第25回 『エボ鯛と鰺の開き』


11月20日
小田急のロマンスカーに乗って、久し振りに箱根に行く。
泊まったホテルと、それに夕飯のことは何も書かないが、漫画家の峰岸信明さんと竹書房の鈴木編集長と一緒に呑んだ焼酎は、毎度のことながら、とてもが十回付くほど旨かったので、いいちこだっと書いておく。
いいちこはテレビのCMが嫌いだったので、これまでよほど何も他になければ呑むことはなかった焼酎だ。

俺はテレビCMに、他人より強烈に好き嫌いがある。
“マサニ、ガスデスネ”なんてCMにいたっては、何の宣伝をしているのか商品も知らない。
“マロニーチャン”は、たとえ蒼井そらチャンが寝酒の肴か朝飯のおかずに出してくれても、俺は多分、絶対に喰べるもんか。
シャープのテレビも、もし貰ってもすぐ売って現金に換えてしまう。
カメリアなんてダイヤを喜ぶ女なんか、俺は女房はおろか愛人にも妾にもしない。
好きなCMはほんの二つ三つで、嫌いなものばかり増えるから、それもあってテレビはNHKで我慢することが多くなった。
なぜ電通や博報堂は俺の大好きな女優やタレントを、テレビCMに使わないのか?
このままだと俺は、呑む酒も薬も無くなって、七十になる前に死んでしまう。
しかし、久し振りに呑んだいいちこは旨かった。

翌日、箱根湖畔ゴルフクラブでやったゴルフで、俺は見事にオネストジョンを獲る。
周囲に居る奴や読者も俺のことを大嘘つきだと思っていて、女房殿にいたっては失礼にも“瞬間自動嘘つき器”なんて言いやがるのだが、そんな嘘つきにオネストジョンなんか獲れるわけがないだろう。  

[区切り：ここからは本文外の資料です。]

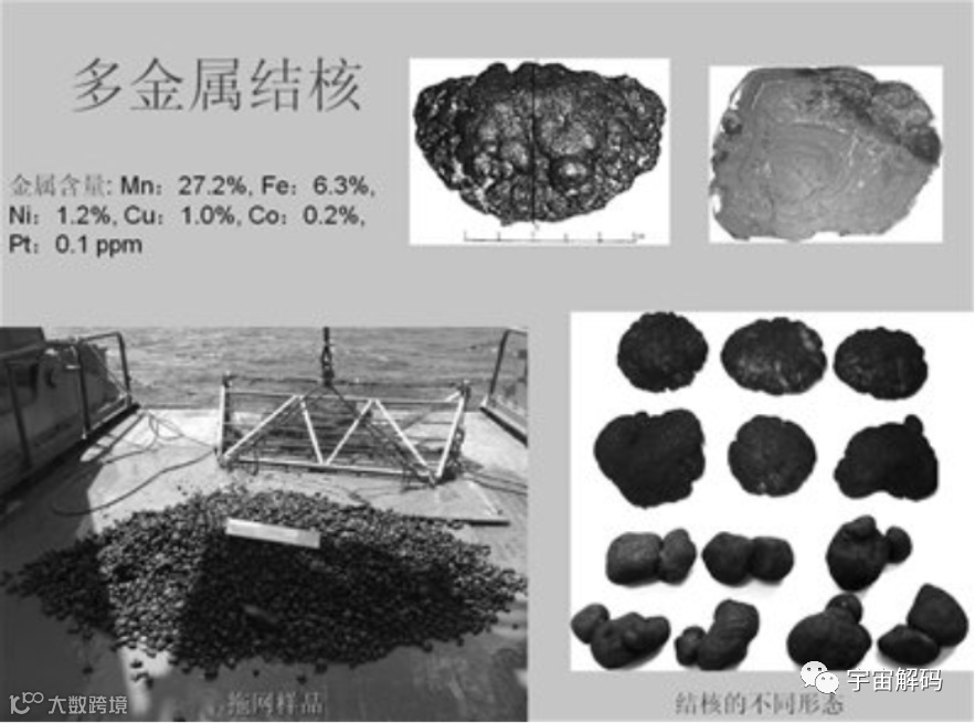 海洋里除了我们熟知的煤、石油、天然气,还有很多金属结核。多金属结核又称锰结核,是一种以铁和锰元素为主的矿石,存在于3500到6000米的海底,通常为直径5至10厘米的不规则球体。锰结核主要来自于海底火山喷发以及海水对海边岩石的腐蚀。据估计,全球的锰结核大约含有2000亿吨的锰,此外还有大量的铜、钴和镍。

安部譲二なんていうのは世を忍ぶ仮の名で、親が付けた直也という立派な名前は、素直で正直な男になって欲しいと願ったからで、俺は六十七年掛けてその期待に応えた。
帰りは湯本の駅まで峰岸さんが御親切に送ってくださる。
“オールドボーイ”が映画化された峰岸さんは、これまで何度か仕事も酒もゴルフも御一緒したが、お人柄の素晴らしい方だ。

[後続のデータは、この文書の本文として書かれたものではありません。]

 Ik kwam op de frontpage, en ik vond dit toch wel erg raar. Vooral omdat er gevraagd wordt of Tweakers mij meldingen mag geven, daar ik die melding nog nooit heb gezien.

小説家には人柄のいいのは数えるほどしかいないが、漫画家は人柄が悪い方が珍しいのはなぜだろう。
峰岸さんが乗せてくださったのは、一番グレイドの高いトヨタのランドクルザーだ。 箱根の旧道を四十分下って、俺はつくづくトヨタが世界を征したわけを知る。
俺は湯本駅の構内の店で、オネストジョンの賞金で蒲鉾と、えぼ鯛と鰺の開きと烏賊の生干しを買った。
ショウケースにはいぼ鯛と書いてあったけど、誰が何と言っても、たとえ尊敬している丸谷才一先生がおっしゃっても、俺が好きなのはえぼ鯛でいぼ鯛なんかであるものか。